[[ Task inputs open ]]

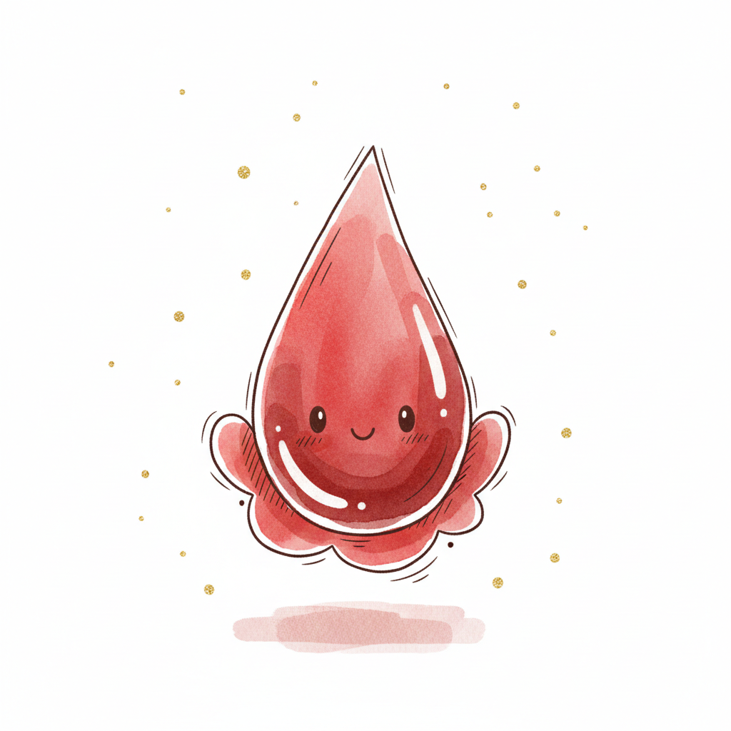 Niedlicher, lächelnder Blutstropfen im Cartoon-Stil, umgeben von goldenen Punkten.
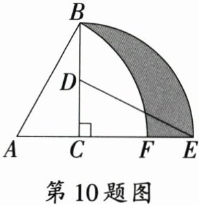 10.[安阳市改编] 如图,在$ Rt\triangle ABC$中,$\angle ACB = 90^{\circ}$,$AC = 1$,$\angle A = 60^{\circ}$,将$ Rt\triangle ABC$绕点C顺时针旋转$90^{\circ}$后得到$ Rt\triangle DEC$,点B经过的路径为$\overset{\frown}{BE}$,将线段AB绕点A顺时针旋转$60^{\circ}$后,点B恰好落在CE上的点F处,点B经过的路径为$\overset{\frown}{BF}$,则图中阴影部分的面积是 (
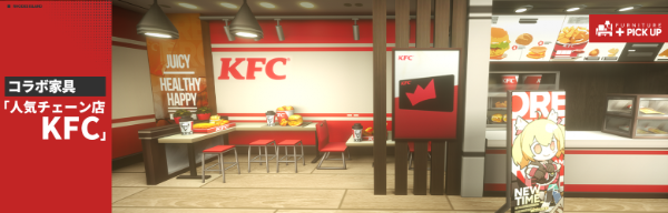 | キャンペーン概要 | KFC公式アプリ・公式ページ内の「KFCネットオーダー」にて、コラボ特別メニューを注文するとコラボ限定コーデやコラボ家具のアイテムコードをプレゼント! |
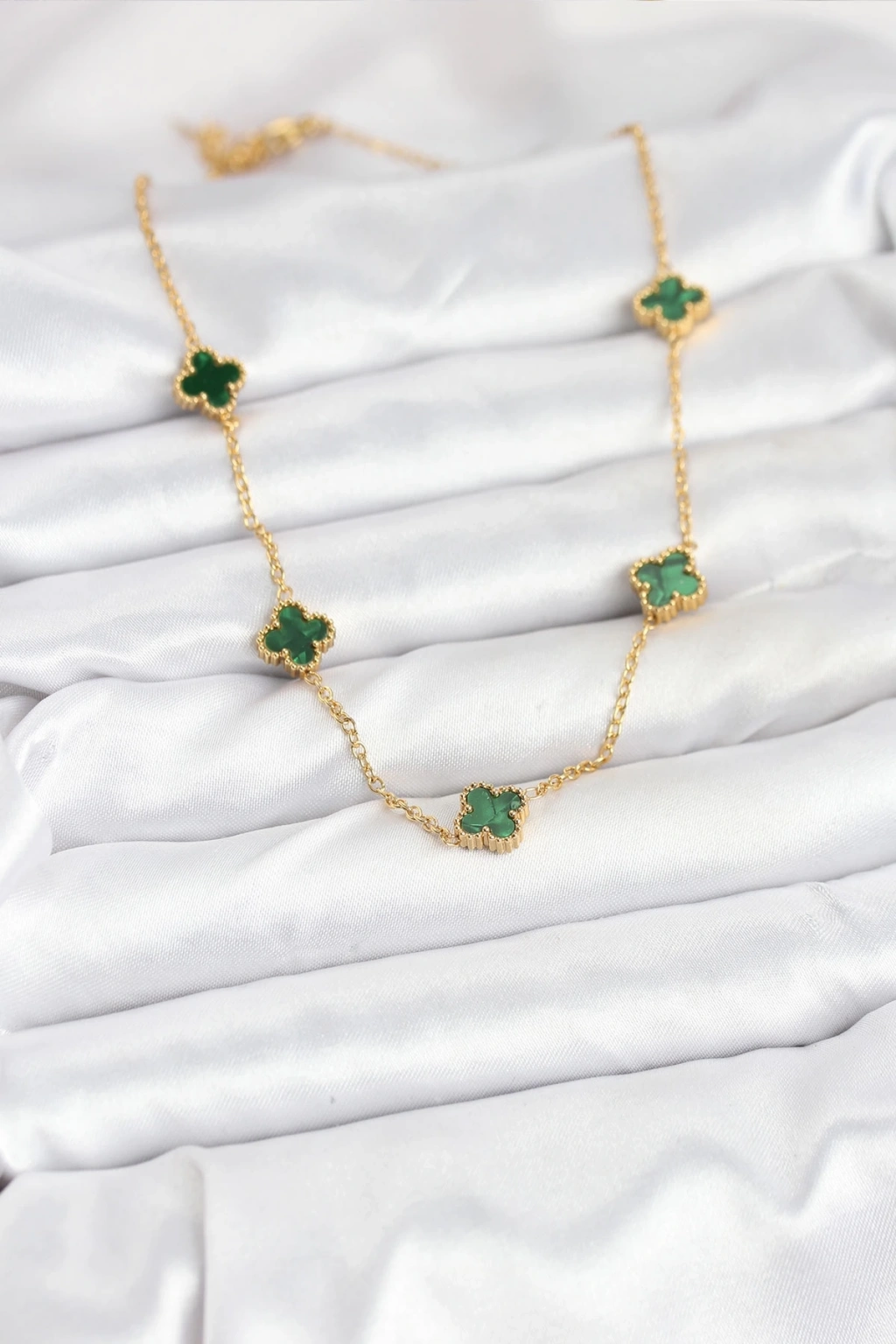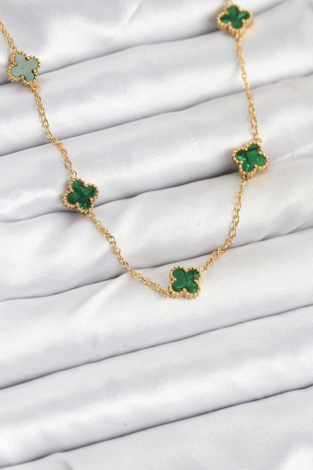 316L Çelik Zincir Gold Renk Yeşil Baby Boy Yonca Kadın Kolye
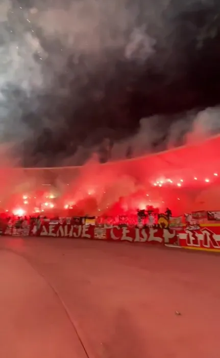 Incendiul de la Steaua – Dinamo, repetat în Serbia! Ultrașii lui Partizan au dat foc peluzei la derby-ul cu Steaua Roșie Belgrad

[[ Task inputs closed ]]

The problem:
Output an exact copy of the lines from the one with "316L Çelik Zincir" through the closing line of the records, inclusive, without any images.

Expected output:
 316L Çelik Zincir Gold Renk Yeşil Baby Boy Yonca Kadın Kolye
 Incendiul de la Steaua – Dinamo, repetat în Serbia! Ultrașii lui Partizan au dat foc peluzei la derby-ul cu Steaua Roșie Belgrad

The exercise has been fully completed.